O's battle back to claim walk-off win over Astros
Ruiz's two-run HR marks Orioles' first walk-off win of season
BALTIMORE -- Perhaps Brandon Hyde said it best, plopping down for his first happy postgame press conference in seven days, the weight of arguably the most trying week of his first year on the job lifted at least temporarily off his shoulders. Nearly every second of this marathon 10-game homestand had been challenging, the past six-game slog against the Astros and Yankees inordinately so, the last 18 hours in particular. Right up until the time Rio Ruiz sent a ball hurdling toward the warehouse.
“It’s been an eventful week,” Hyde quipped.
When it landed, the recently-promoted third baseman had sent the Orioles to an improbable, emotional, come-from-behind 8-7 victory over the Astros on Sunday, his walk-off two-run ninth-inning homer off Roberto Osuna snapping their five-game losing streak and sending them home victorious a day after they lost by three touchdowns. By sending a 2-2 changeup 417 feet to right, Ruiz capped Baltimore’s three-run rally off Osuna and its first walk-off win of the year on an afternoon it battled Justin Verlander only to blow a one-run lead in the ninth.
Ruiz’s was the second walk-off home run to hit Eutaw Street in Oriole Park’s history, and the first since Luke Scott on July 19, 2008. The Orioles had been 0-68 when trailing after eight innings this season.
“It just goes to show, we’re not going to give up,” Ruiz said.
For Ruiz, it was his first career walk-off hit of any kind, and his second homer in as many days back in the big leagues, and second with his newborn son, Luca James, in attendance.

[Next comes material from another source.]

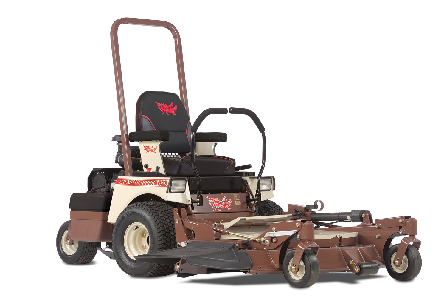 An ideal FrontMount™ solution for home or business use, the Grasshopper Model 623T riding lawn mower with zero-turn maneuverability offers the power, reliability and economical performance that homeowners and lawn care professionals need to get the job done. Make quick work of cleaning the underside of the cutting deck with the exclusive PowerFold® deck lift/electric height adjustment feature. The front-mounted deck removes and can be replaced with turf renovation and snow removal implements for year-round productivity.

“He gets all the credit,” Ruiz said.
And it almost didn’t happen.
The Orioles parlayed six strong innings from Asher Wojciechowski and three-hit games from Trey Mancini, Jonathan Villar and Jace Peterson into a 5-4 lead going into the ninth. It was nearly more, as Pedro Severino missed a grand slam by a few inches foul before stranding the bases loaded in the eighth. But a half-inning later, the first two batters singled off Mychal Givens before Michael Brantley pulled a relatively soft go-ahead two-run triple into the right-field corner. Brantley came around to score when right fielder Anthony Santander’s attempted relay throw slipped out of his hand, turning Baltimore’s one-run lead into a two-run hole.
“Tough pill to swallow there,” Hyde said. “But then Rio picked us up.”
In a vacuum, it was one mid-August victory in a season never meant to be about wins and losses. Given the circumstances, the Orioles view it as more: An emotional rebound from one of their more embarrassing defeats in recent memory, to salvage the final game of a homestand over which they broke home run records almost nightly and scrambled to move past a dugout altercation between their manager and highest-paid player.
Other stretches had hurt more in the standings -- their 10-game June losing streak out west, for example -- but none took the nature of the past five games against the Astros and Yankees, over which the talent gap was often plain to see. Even for an organization realistic about the infancy stage its rebuild is in, their minus-42 run differential this week entering Sunday was startling. Thrown up against the backdrop of Wednesday’s dugout altercation between Hyde and Chris Davis, the 23-2 defeat they were handed Saturday was jarring.
One win won’t solve any of that, and Hyde was sure to note more challenges await even in the immediate short term. Ruiz earned an honorary beer shower for his heroics, but the celebration was short. Four more games against the Yankees await over the next three days.
“I think it’s been a tough week,” Hyde said. “This feels really good after a really tough week. Now we go on the road and have another tough week. But it’s a lot better than losing.”